Data excerpt ▸
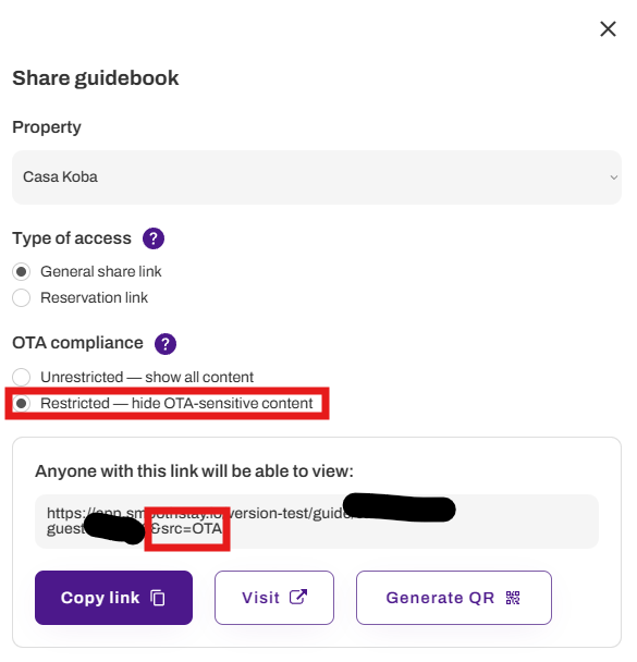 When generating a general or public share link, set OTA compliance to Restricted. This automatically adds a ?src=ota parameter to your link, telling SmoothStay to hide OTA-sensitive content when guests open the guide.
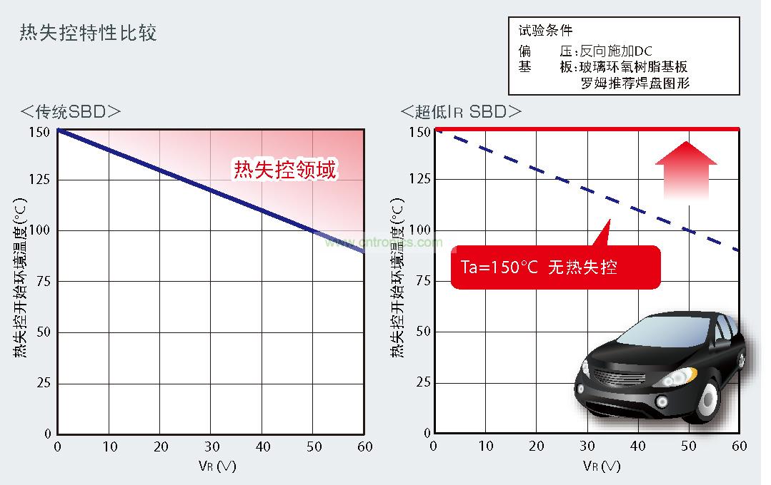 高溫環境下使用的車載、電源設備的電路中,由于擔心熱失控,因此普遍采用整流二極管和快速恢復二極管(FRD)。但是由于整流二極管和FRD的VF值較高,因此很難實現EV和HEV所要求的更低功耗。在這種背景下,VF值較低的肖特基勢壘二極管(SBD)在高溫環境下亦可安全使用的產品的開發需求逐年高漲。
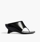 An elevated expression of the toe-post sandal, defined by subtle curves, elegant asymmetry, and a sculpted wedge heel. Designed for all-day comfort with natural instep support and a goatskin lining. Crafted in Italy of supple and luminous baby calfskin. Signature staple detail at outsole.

Description of the task ▸
Line by line, give the material above again exactly, but without any pictures.

Result of this task ▸
 When generating a general or public share link, set OTA compliance to Restricted. This automatically adds a ?src=ota parameter to your link, telling SmoothStay to hide OTA-sensitive content when guests open the guide.
 高溫環境下使用的車載、電源設備的電路中,由于擔心熱失控,因此普遍采用整流二極管和快速恢復二極管(FRD)。但是由于整流二極管和FRD的VF值較高,因此很難實現EV和HEV所要求的更低功耗。在這種背景下,VF值較低的肖特基勢壘二極管(SBD)在高溫環境下亦可安全使用的產品的開發需求逐年高漲。
 An elevated expression of the toe-post sandal, defined by subtle curves, elegant asymmetry, and a sculpted wedge heel. Designed for all-day comfort with natural instep support and a goatskin lining. Crafted in Italy of supple and luminous baby calfskin. Signature staple detail at outsole.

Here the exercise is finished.